→ **ASSIGNED TASK**: Retype the listing below line for line, but only from the line with "Citation sur la" down to the line with "CELINE 셀린느 소가죽 배색 후드 니트 집업", inclusive. Pictures stay out.

*** RECORD SET ***

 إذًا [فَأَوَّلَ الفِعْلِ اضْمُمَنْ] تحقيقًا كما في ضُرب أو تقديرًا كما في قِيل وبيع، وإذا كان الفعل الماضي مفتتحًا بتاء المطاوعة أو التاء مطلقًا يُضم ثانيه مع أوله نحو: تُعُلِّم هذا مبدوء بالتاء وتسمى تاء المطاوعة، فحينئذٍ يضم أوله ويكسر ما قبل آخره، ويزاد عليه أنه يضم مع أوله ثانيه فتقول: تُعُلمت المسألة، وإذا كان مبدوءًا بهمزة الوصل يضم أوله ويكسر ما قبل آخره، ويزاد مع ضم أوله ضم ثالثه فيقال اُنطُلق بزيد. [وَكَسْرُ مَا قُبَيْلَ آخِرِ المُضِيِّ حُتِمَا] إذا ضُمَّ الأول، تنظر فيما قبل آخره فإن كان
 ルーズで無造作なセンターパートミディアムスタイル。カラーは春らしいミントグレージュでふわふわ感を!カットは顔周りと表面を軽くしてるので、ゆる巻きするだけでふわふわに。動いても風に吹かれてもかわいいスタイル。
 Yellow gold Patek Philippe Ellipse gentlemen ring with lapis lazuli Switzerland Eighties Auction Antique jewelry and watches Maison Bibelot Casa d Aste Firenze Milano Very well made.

*** End of RECORD SET ***
*** RECORD SET ***

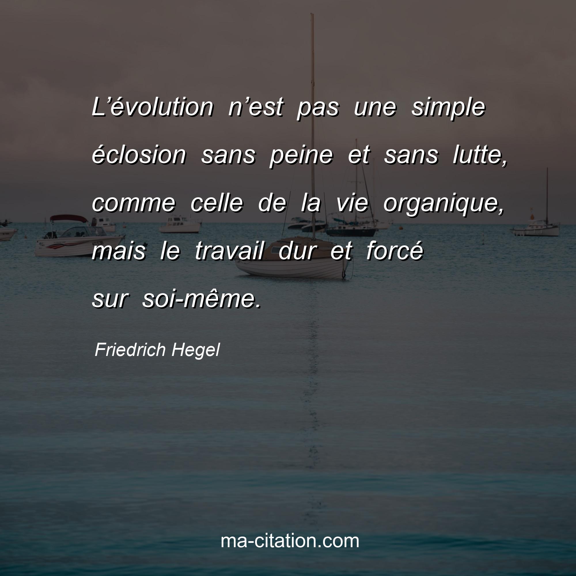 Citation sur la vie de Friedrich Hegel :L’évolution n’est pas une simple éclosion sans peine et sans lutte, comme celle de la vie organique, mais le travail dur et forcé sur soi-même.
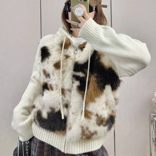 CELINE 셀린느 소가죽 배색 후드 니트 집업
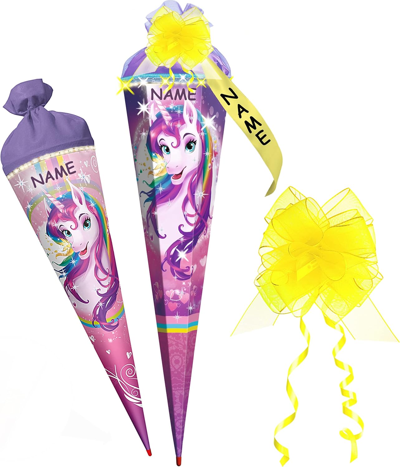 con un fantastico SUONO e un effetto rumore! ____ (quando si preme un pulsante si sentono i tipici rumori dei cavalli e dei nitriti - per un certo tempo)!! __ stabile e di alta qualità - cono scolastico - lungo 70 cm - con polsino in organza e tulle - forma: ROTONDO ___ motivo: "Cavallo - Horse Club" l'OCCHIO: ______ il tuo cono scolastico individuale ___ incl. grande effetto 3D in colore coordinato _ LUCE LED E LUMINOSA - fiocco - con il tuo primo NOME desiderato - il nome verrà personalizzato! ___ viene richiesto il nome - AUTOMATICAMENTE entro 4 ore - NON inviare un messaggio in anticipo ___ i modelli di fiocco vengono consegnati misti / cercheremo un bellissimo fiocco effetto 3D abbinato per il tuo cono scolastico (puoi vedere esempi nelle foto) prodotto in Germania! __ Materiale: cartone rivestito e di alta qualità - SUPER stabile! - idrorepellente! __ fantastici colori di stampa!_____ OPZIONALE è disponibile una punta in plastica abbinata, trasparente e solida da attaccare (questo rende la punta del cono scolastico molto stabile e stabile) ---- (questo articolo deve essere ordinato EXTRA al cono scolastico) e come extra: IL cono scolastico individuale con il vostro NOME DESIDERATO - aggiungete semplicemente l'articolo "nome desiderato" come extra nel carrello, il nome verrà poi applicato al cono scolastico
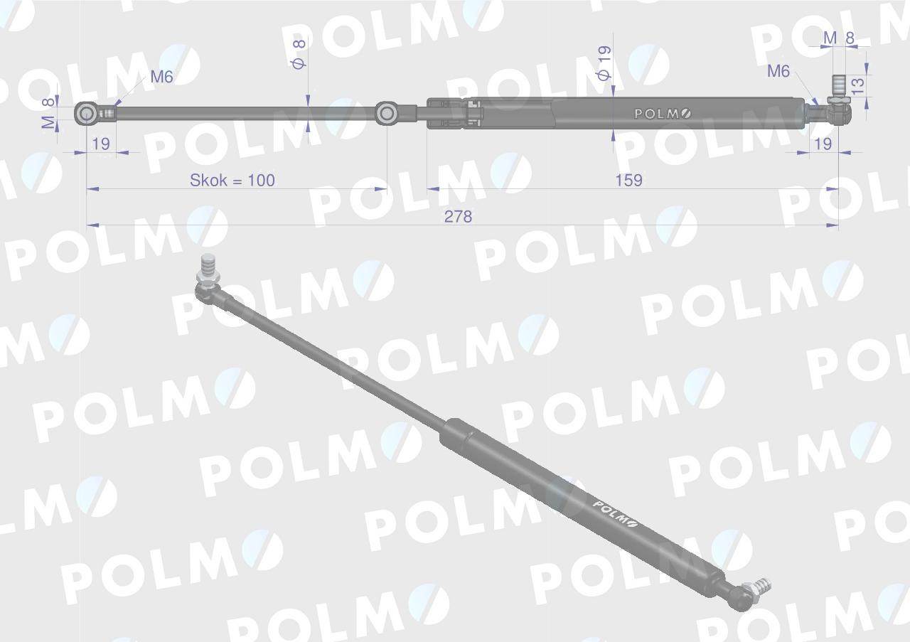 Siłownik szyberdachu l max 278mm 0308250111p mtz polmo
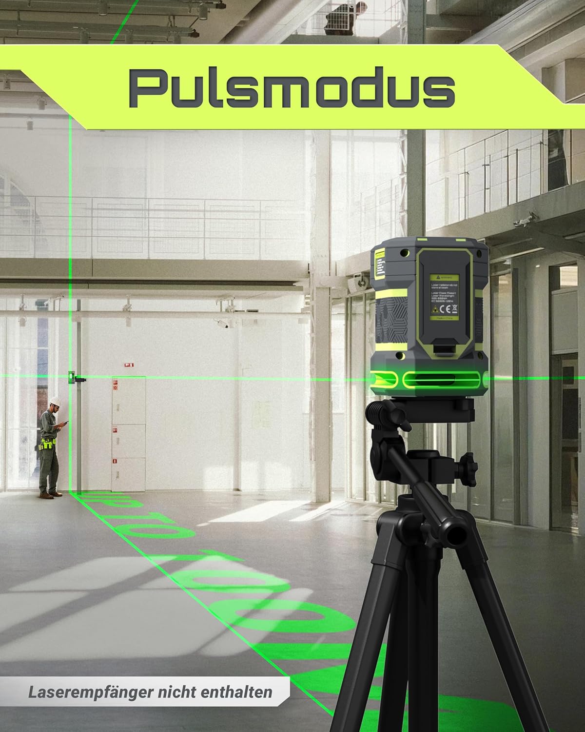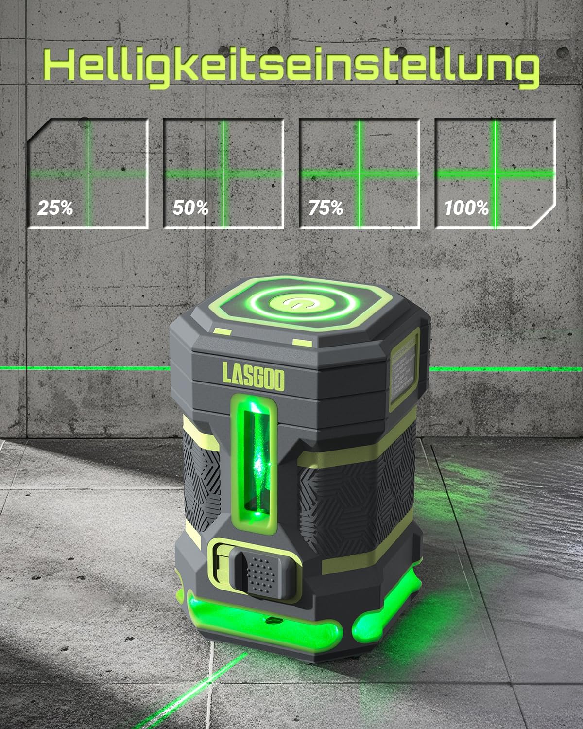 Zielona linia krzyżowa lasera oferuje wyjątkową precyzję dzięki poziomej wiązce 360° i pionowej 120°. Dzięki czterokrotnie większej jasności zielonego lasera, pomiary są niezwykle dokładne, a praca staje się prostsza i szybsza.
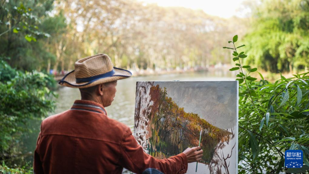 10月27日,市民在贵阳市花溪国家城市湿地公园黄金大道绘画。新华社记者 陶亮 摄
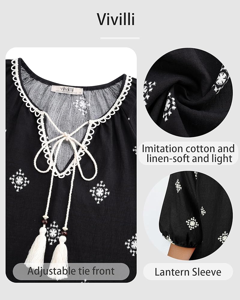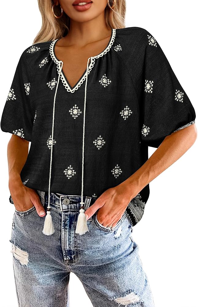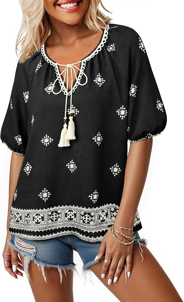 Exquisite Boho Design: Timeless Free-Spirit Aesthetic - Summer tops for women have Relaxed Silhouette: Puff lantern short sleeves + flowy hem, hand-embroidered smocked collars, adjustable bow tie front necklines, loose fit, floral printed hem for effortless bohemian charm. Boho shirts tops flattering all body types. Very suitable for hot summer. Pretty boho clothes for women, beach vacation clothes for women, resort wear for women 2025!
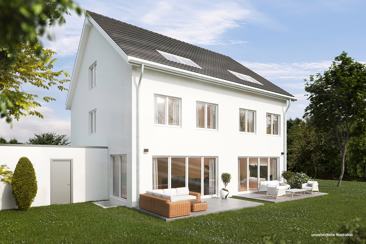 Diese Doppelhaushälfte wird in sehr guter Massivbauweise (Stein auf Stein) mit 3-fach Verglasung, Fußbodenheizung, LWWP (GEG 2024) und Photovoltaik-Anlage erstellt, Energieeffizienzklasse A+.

*** End of RECORD SET ***
*** RECORD SET ***

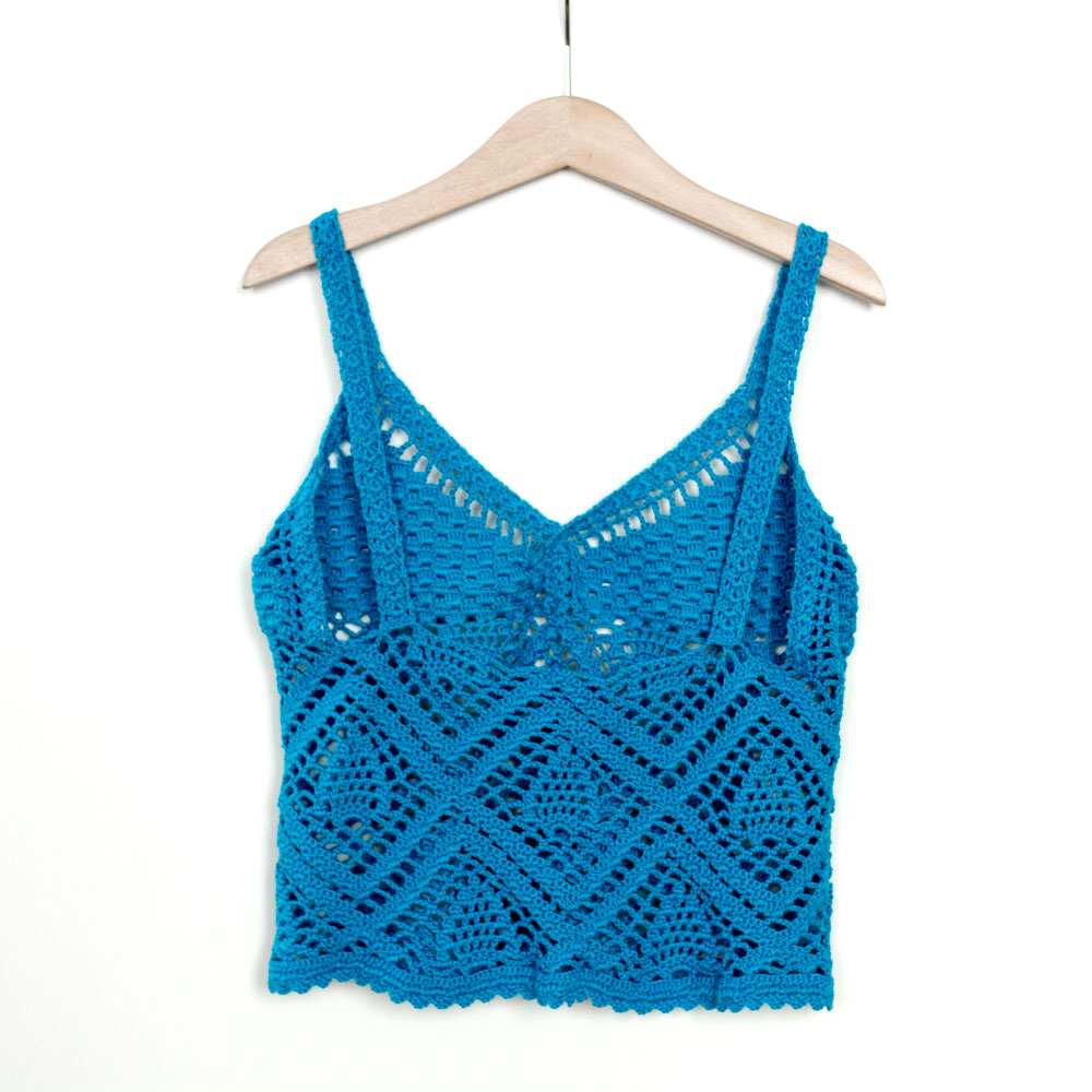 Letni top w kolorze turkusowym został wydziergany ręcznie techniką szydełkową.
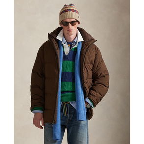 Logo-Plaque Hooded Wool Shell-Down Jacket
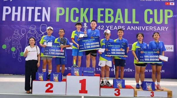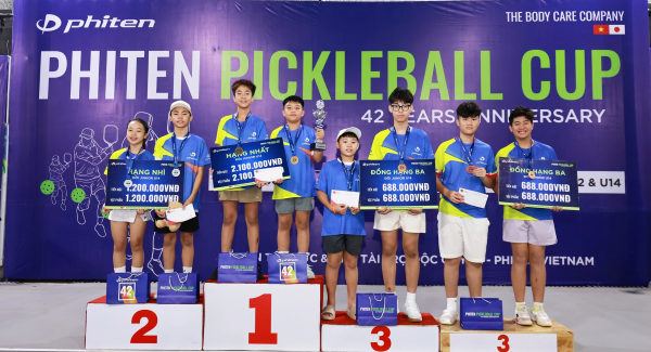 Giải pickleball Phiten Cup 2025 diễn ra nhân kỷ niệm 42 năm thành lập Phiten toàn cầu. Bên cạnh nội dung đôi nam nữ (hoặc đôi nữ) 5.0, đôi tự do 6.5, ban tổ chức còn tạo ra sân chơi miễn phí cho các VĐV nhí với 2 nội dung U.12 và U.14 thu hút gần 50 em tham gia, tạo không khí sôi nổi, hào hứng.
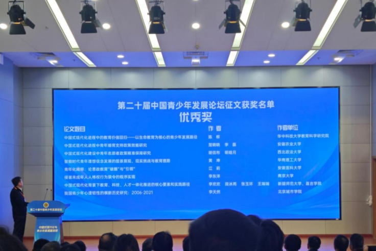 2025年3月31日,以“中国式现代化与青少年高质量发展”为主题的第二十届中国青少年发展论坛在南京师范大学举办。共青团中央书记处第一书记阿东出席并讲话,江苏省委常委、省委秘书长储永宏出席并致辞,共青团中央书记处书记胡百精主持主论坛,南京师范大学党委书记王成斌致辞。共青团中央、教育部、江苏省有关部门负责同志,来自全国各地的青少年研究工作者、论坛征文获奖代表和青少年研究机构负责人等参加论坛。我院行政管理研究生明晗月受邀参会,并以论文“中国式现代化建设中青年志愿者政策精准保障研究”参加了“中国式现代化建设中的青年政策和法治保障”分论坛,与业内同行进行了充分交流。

*** End of RECORD SET ***

→ **WRITTEN ANSWER**:
 Citation sur la vie de Friedrich Hegel :L’évolution n’est pas une simple éclosion sans peine et sans lutte, comme celle de la vie organique, mais le travail dur et forcé sur soi-même.
 CELINE 셀린느 소가죽 배색 후드 니트 집업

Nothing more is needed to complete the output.